Rebecca Wigfield

Personal information
- Nationality: British (English)
- Born: 8 August 1988 (age 37) Kettering, England

Sport
- Sport: Bowls
- Club: Desborough Town

Medal record
Representing England
World Outdoor Championships
| Silver medal – second place | 2016 Christchurch | fours |
Atlantic Bowls Championships
| Bronze medal – third place | 2015 Paphos | pairs |
| Bronze medal – third place | 2015 Paphos | fours |
| Bronze medal – third place | 2019 Cardiff | pairs |
British Isles Championships
| Gold medal – first place | 2016 | fours |
European Championships
| Gold medal – first place | 2017 Jersey | pairs |

= Rebecca Wigfield =

English lawn and indoor bowls player

Rebecca Louise Wigfield is an English international bowls player.

== Career history ==
Rebecca Wigfield has won two National Championships; in 2013 she won the National Two‐Wood Singles followed by the 2015 National Fours. In 2016, she won the Bowls England Women’s National Champion of Champions.

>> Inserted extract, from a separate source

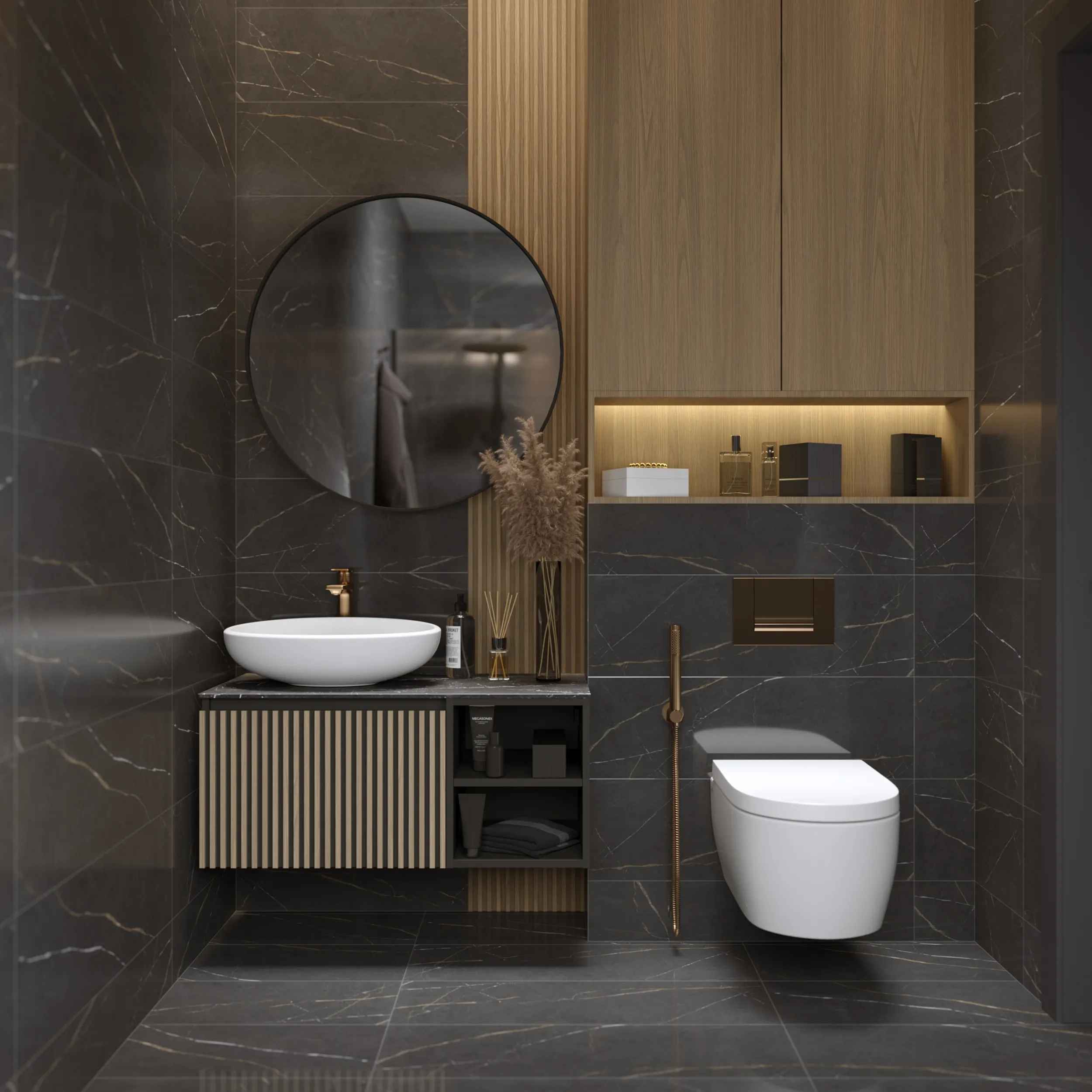 Рейка выполнена из шпона дуба и покрыта лаком. Каждая рейка тумбы бережно обрабатывается вручную мастером, что придаёт каждой детали уникальность и отражает высокое качество исполнения. Метод ручной работы обеспечивает не только визуальную привлекательность, но и долговечность изделия. Рейки аккуратно и надежно прикреплены к фасаду, создавая эффект структуры и объема.

The bowler who represents Northamptonshire was part of the fours team with Wendy King, Jamie-Lea Winch and Ellen Falkner who won the silver medal at the 2016 World Outdoor Bowls Championship in Christchurch.

In 2015, she won the pairs and fours bronze medals at the Atlantic Bowls Championships and in 2019 she once again won the pairs bronze medal at the Atlantic Bowls Championships.

In 2023, she represented England in the British Isles series.